51:50 - “A rewrite would have been a disaster”. GWS was essentially refactored from inside out every 18 months for 11 years. The first one - was breaking out ranking from GWS to another service.
57:00 - YouTube knew that if it convinced enough people to get better internet, Google would make more revenue.
59:00 - Search grew from 500-1000 people in 2004, to 3000 people in 2010.

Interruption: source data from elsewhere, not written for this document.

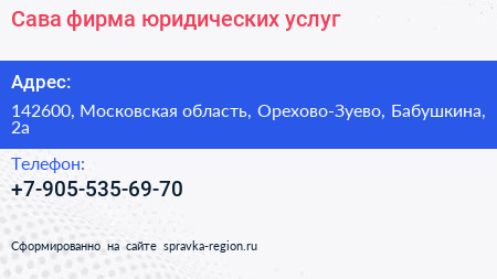 Сава, фирма юридических услуг по адресу 142600, Московская область, Орехово-Зуево, Бабушкина, 2а в дальнейшем Организация, размещена в следующих категориях: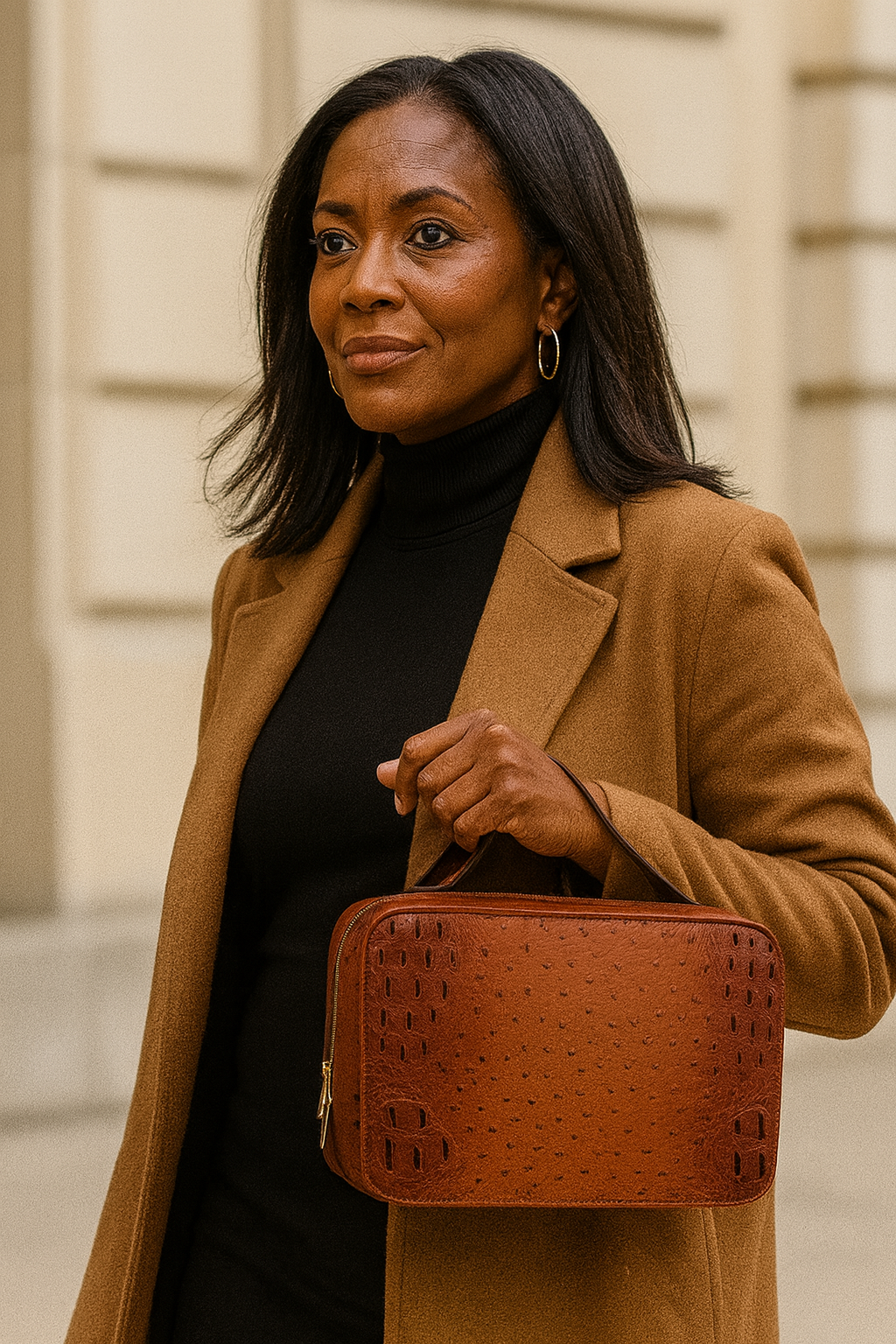 The Bible is often called the "Good News" so we felt that was the perfect name for this beautiful carrier. All vegan leather ostrich material, fully lined with interior elastic straps for security and even a pen loop. Single carry top handle, gold hardware and zip closure. Approximate Size: 11L x 8.25H x 3.75W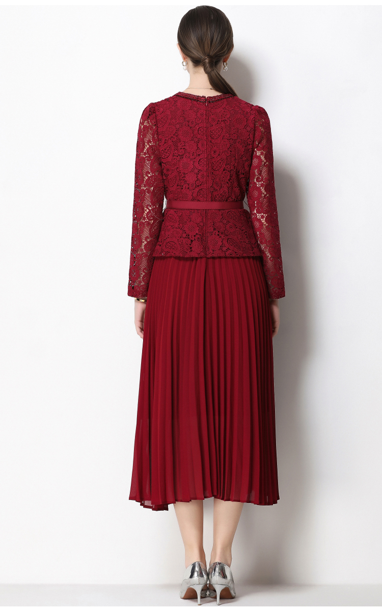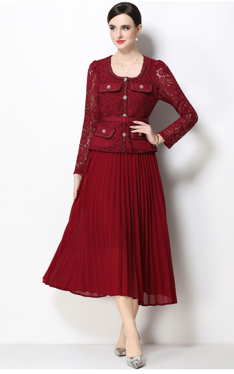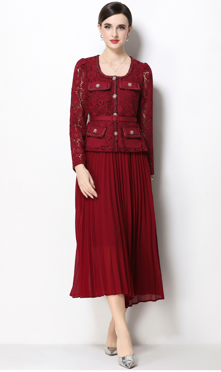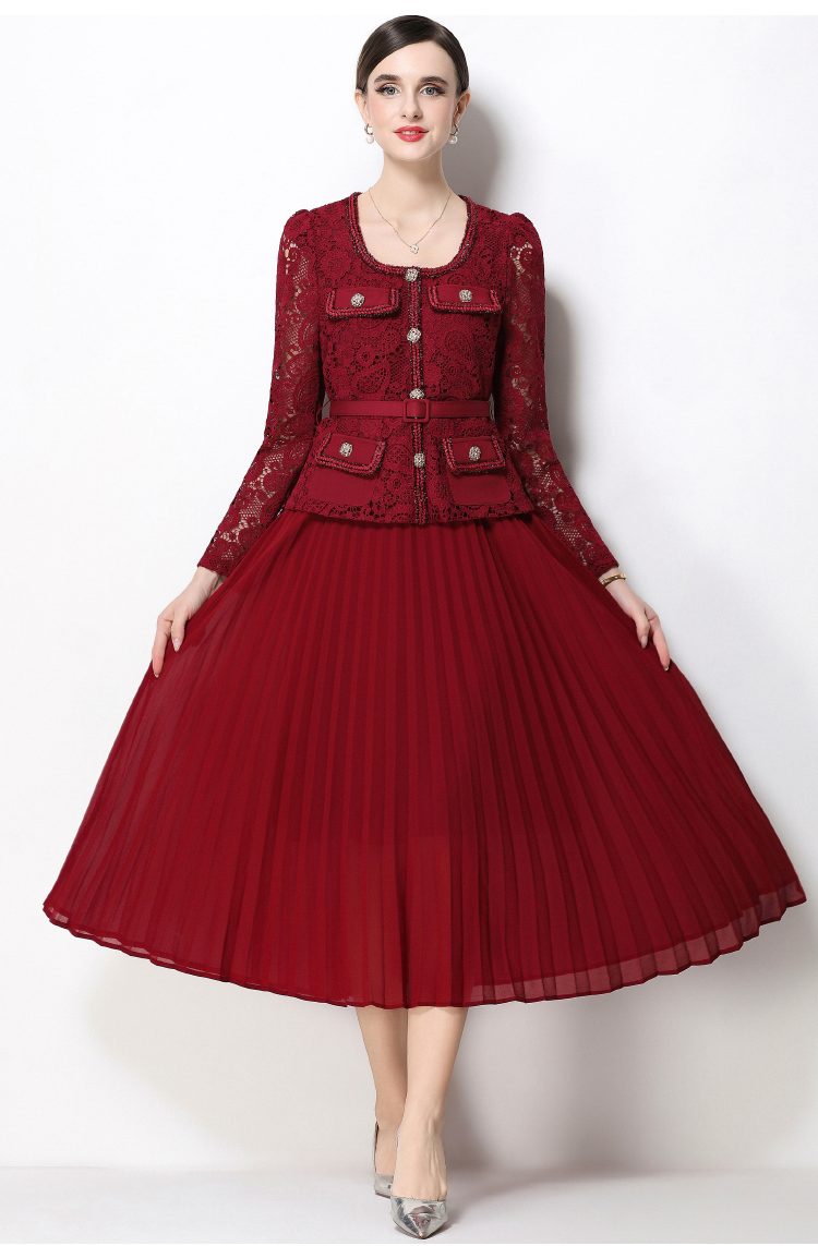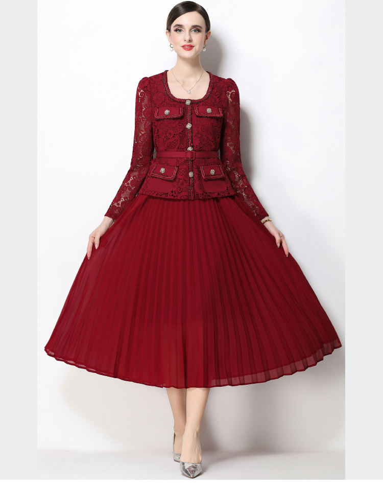 RY1747# 实拍法式小香风新款轻奢修身显瘦方领蕾丝拼接中长百褶裙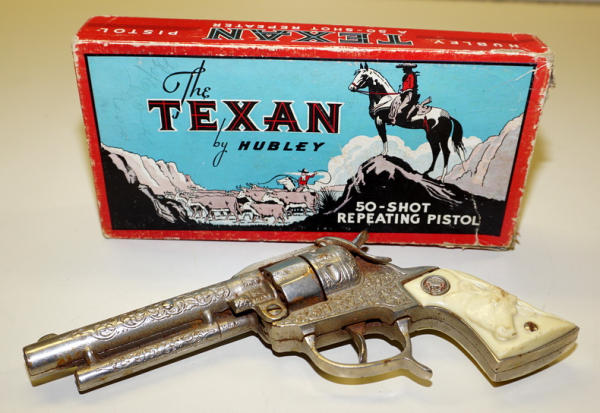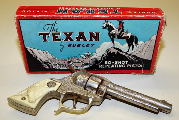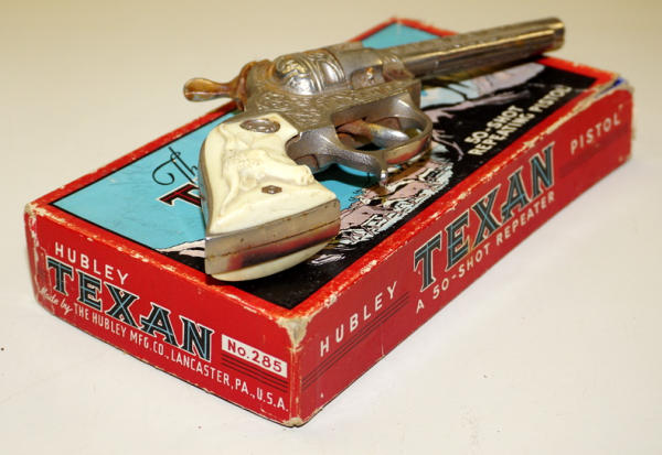 9.5" long, cast iron, has rust in the mechanism and does not work, graphic box has some wear, box rates 7 condition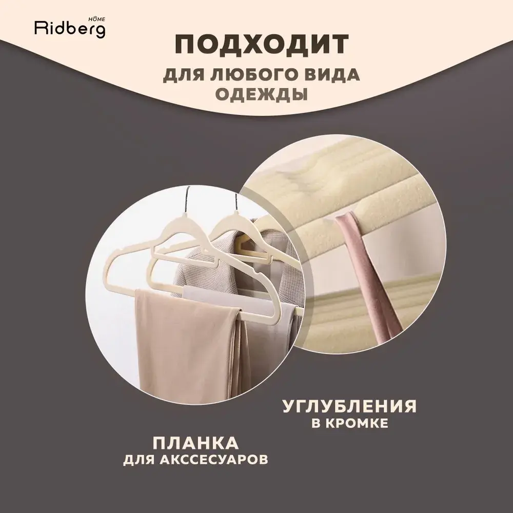 Вешалка-плечики для одежды Ridberg подходят для хранения верхней и повседневной одежды. Надежная основа покрыта бархатным нескользящим напылением, поэтому плечики подходят для хранения изделий из тонких благородных тканей. Специальные выемки на плечиках не дают проскальзывать даже одежде на тонких бретелях.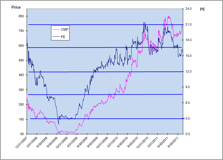 - Over the past 4 years, the average PE of the stock has been 12. However the business is stable and growing, and should be able to command higher PE levels going forward as the business scales up and the market cap moves into the Mid-Cap range.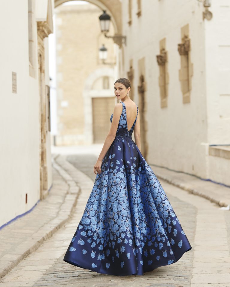 Abito da cerimonia in broccato. Scollo a V sul davanti e sulla schiena. Con stola.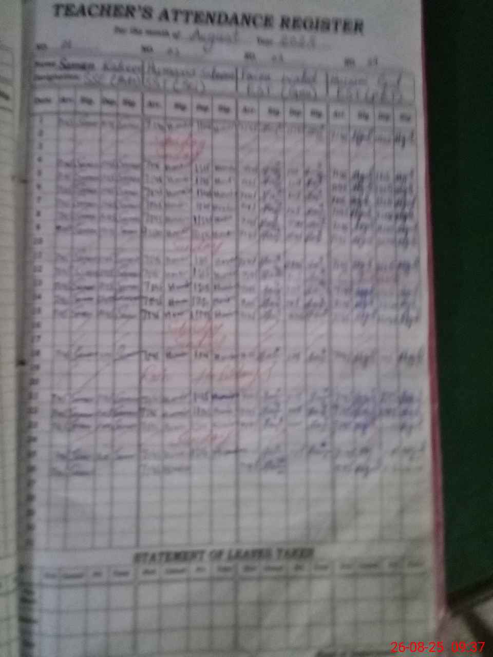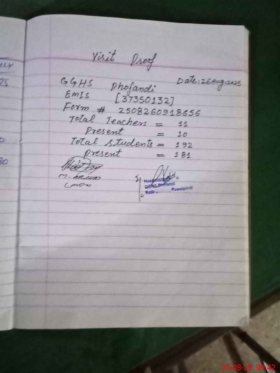 | Attendance Register | Head Teacher | MEA with School | Visit Proof |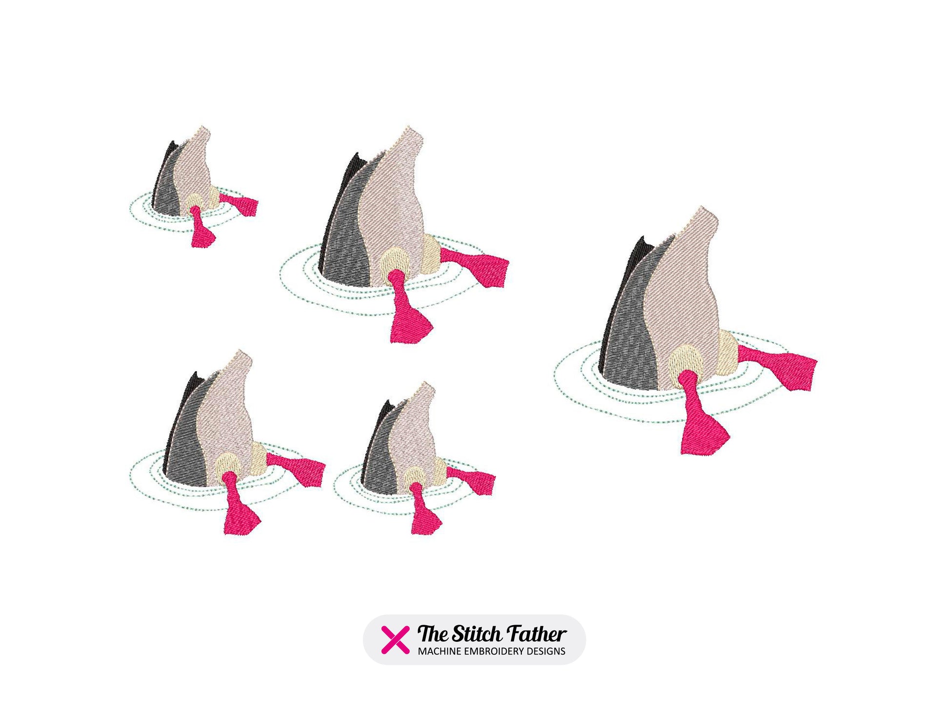 *INSTANT DOWNLOAD* “DUCK UPSIDE DOWN” machine embroidery design. Diving duck headfirst, fill stitch with running stitch details, 6 steps. The white areas are open to fabric. With this duck in a funny position, you will make unique gifts for nature lovers!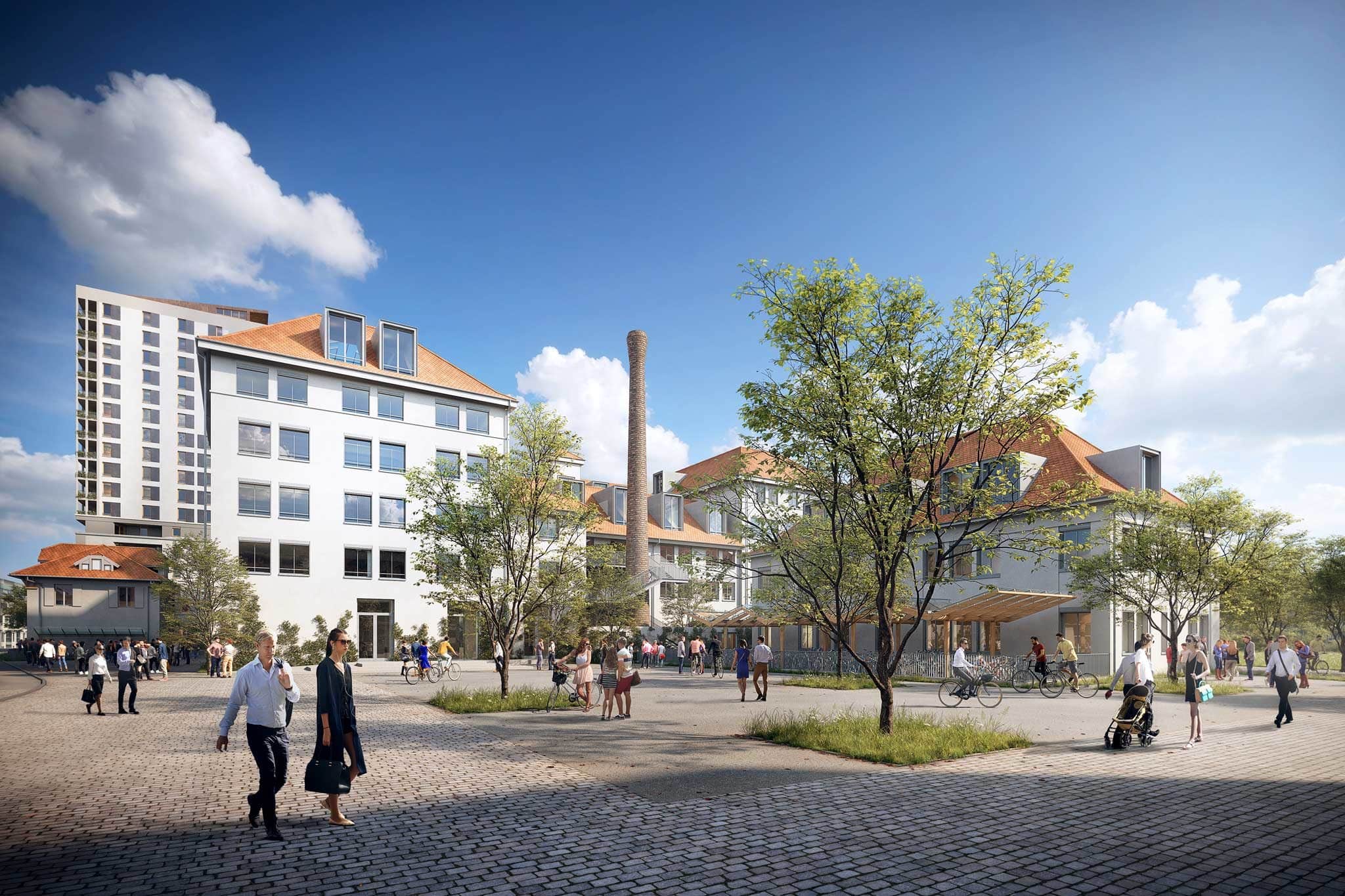 À l’est de cet immeuble, d’autres ensembles doivent compléter cet zone dite de « La nouvelle administration » et seront dévoilés plus tard. Tous les logements sont placés dans la partie sud de la « bulle » de la Coop pour les éloigner tant que possible des nuisances des industries de l’autre côté de la route, voire des risques d’accident.

59:30 - How exactly did search ranking work, technically and organizationally? The Long Click.
61:40 - Google ran 20+ experiments to figure out the best shade of blue on the Search page. This might seem silly, but it helps at scale, since it could potentially find the shade that would help the most colorblind individuals.
67:50 - Hate speech from Google search, and the ethical quandaries around building a humanity scale system.
70:30 - Improving iteration speed and developer productivity for these systems
71:50 - Google had an ML model for search results back in 2004 that was competitive with the hand-built systems, but didn’t end up using it, due to the lack of understandability. This has definitely changed now. I had read that document during my internship, but was surprised to learn that Google had a working ML model for ranking since 2004.
73:30 - Service Oriented Architecture at Google. Enabled GWS from C to C++ and divest itself from some responsibilities. But Google stuck with a monorepo, compared to Amazon.
76:40 - Components in the Monorepo + Blaze (Bazel) helped Google scale build times and reduce iteration speed. Components is the most interesting piece, since to my understanding, it hasn’t been written about much externally.
78:00 - The scale and complexity of the monorepo.
79:40 - The 400,000 line Makefile, and the start of Blaze.
82:00 - What were the benefits of “Components”?
84:00 - The project to multi-thread GWS, when it was serving 5 - 10 billion search queries a day. It started off as a practical joke.
91:00 - It’s rarely only about the technology. It’s about culture and team cohesion.